Saturday, May 23, 2015
A sizeable crowd gathered at The Bird on Saturday night for the long awaited return of Melbournian indie legends Love Of Diagrams. Carrying with them their long awaited new record Blast, the evening was orchestrated by mystery rabble rousers Semi-Decent, in collaboration with local label Pouring Dream and Brisbane’s venerable Bedroom Suck Records. As the first event that Semi-Decent have curated, and if it is any indication of what we might except to see in the future then Perth is in for a sweet treat.
DJs Mr Sinclair and Sandilands set the tone for the night, spinning ambient and house beats, before local minimalist drone duo, Erasers, took to the stage. Standing opposite each other, the multi instrumentalists Rebecca Orchard and Rupert Thomas, throw hypnotic beats and keyboard drones back and forth, gradually building intense webs of sound for Orchard’s vocals to glide over.
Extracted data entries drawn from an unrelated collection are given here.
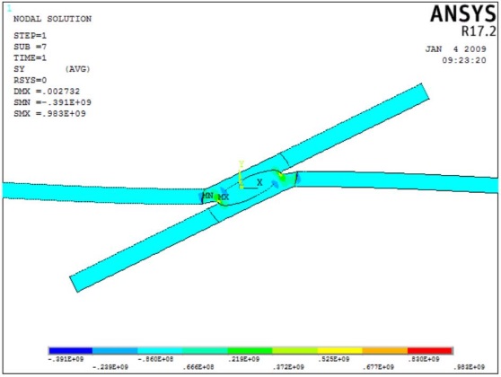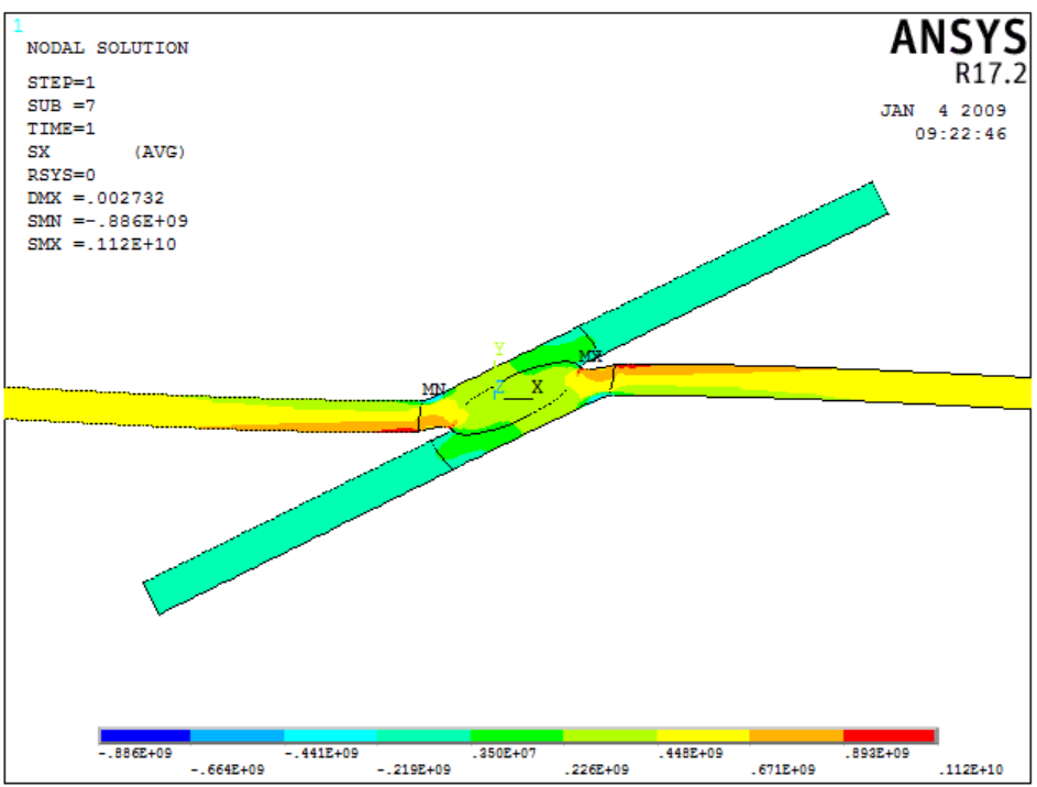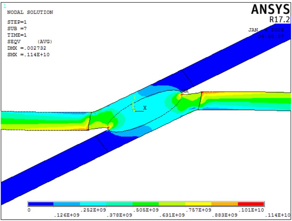本论文通过探究熔核和塑性环尺寸,搭接长度改变时最大应力的变化规律,可以得到这些结构参量对超高强钢点焊接头强度的影响。利用ANSYS的线性化路径操作,可以获得等效应力的分布曲线,从而直观的感受应力在不同区域的分布情况。除此之外,还将材料属性相同的模型分别进行了静力学和瞬态分析,对比了不同分析方法对结果造成的差异。
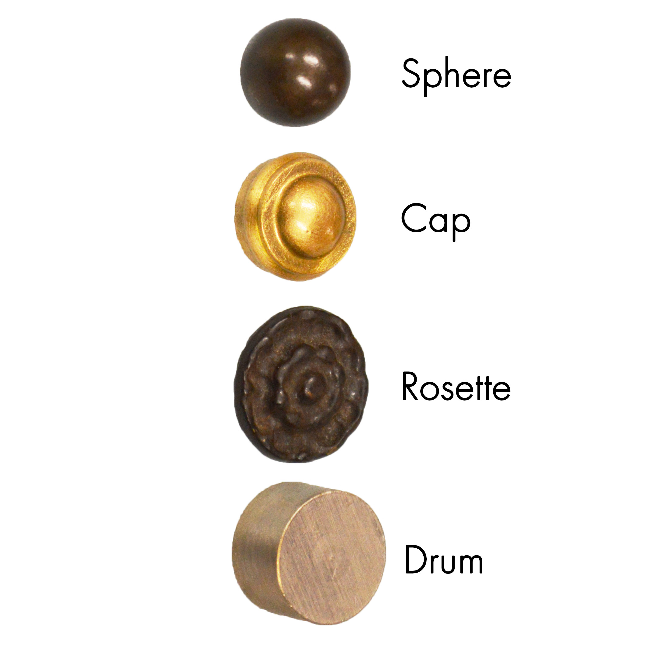 Available in Drum, Cap, Rosette and Sphere designs
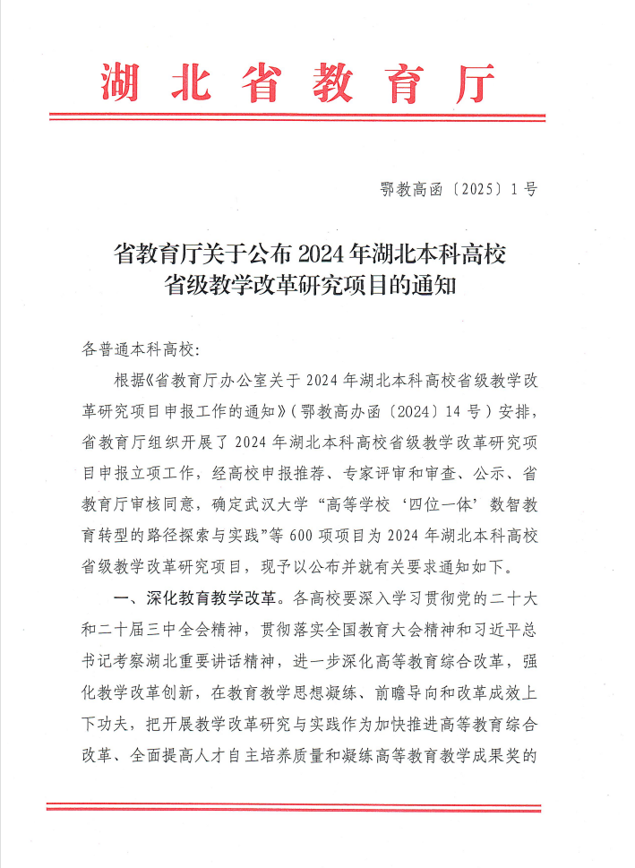 12月25日,省教育厅发布2024年湖北本科高校省级教学改革研究项目,我院《深度融合行业背景下的环境设计专业应用型数字化教学研究》项目成功获批。

Their set featured a mix of older material with distinctly funkier new songs, but the impact was the same; as the crowd fell into a trance like state.
Pulling the crowd out of their Erasers-induced reverie, Dianas got things pulsing with their guitar-pop tunes. Despite lying low as they work on new recordings, the local three-piece have long been Perth favorites, and it is always a captivating pleasure to see them live. The dreamy vocals of Nathalie Pavlovic and Caitlin Moloney transported the audience to a sweet land of dream pop, filled with beautiful weaving bass and guitar rhythms and punchy drum beats from John Lekias of Doctopus. Never ones to overstay a welcome, Dianas played a short set that kept their eager fans hungry for more.
However, Love Of Diagrams and their new record were the focal points of the night, and The Bird was bursting with eager fans to hear the long awaited and anticipated release. Having been making waves in the Australian indie scene and beyond since 2001, it was no surprise that the Bird had swelled to bursting by the time the Melbournians finally took the stage. Famed for their live shows, they did not disappoint, with Antonia Sellbach howling out complex melodies to match Luke Horton’s singularly angular guitarwork. Their set relied heavily on Blast, with relentless material like Double Negative setting a powerful, urgent tone. The fuzzy, distorted guitars, pounding drums, and back and forth vocals left my ears ringing, but it was worth it for the punishing, vivid shoegaze sound that’s hard to find in Perth.
Overall the night was a beautiful curation of drone, dream pop, and shoegaze with mesmeric female vocals weaved through each set. Semi-Decent have knocked it out of the park on their first hit, and I hope it’s just a taste of what’s to come for bringing over ambitious music from over East.